# 300 Gallon Tank Pics, Give Me Ideas



## XTREMEAQUATICS (Apr 27, 2005)

HELP ME WITH MY TANK, GIVE ME SOME IDEAS OF WHAT PLANTS TO PUT INTO IT


----------



## bharada (Apr 17, 2004)

What are the actual tank dimensions? You can put in just about anything you want from the looks of it.

I do have a question about the overflows. I see where it's drilled through the tank bottom for the bulkhead fittings, but I don't see any strainer slots to allow water to enter into the overflows. A straight, over-the-top overflow would seem to be tricky to maintain since the top of the overflows are so close to the top edge of the glass.

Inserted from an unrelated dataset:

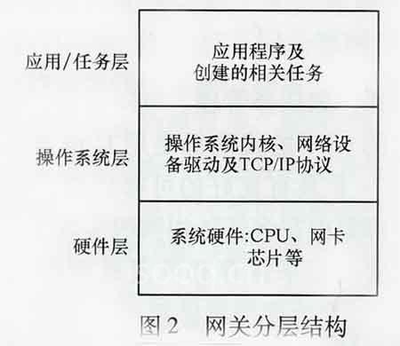 網關的設計過程中,自上而下分為三層:應用/任務層、操作系統層和硬件層。分層結構如圖2所示。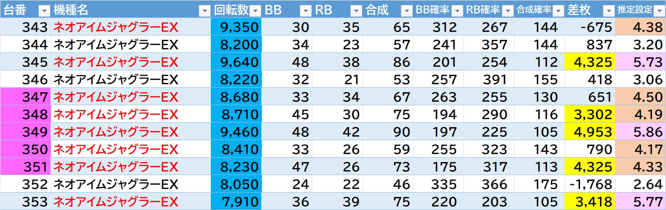 平均差枚:345枚

Edit: I'm guessing 96"x24"x30"...am I close?


----------



## turbomkt (Mar 31, 2004)

Whatever you do, I'd recommend getting it right the first time. That looks like a very deep tank and you may have to go swimming to do any major re-arranging.

--Mike


----------



## Robert Hudson (Feb 5, 2004)

It is all going to depend on lighting, particularly for a tank that deep. Lighting is the first and most critical issue for determining plants.


----------



## Laith (Sep 4, 2004)

hhmmm... I didn't know tanks that big could be made without any type of bracing at all?


----------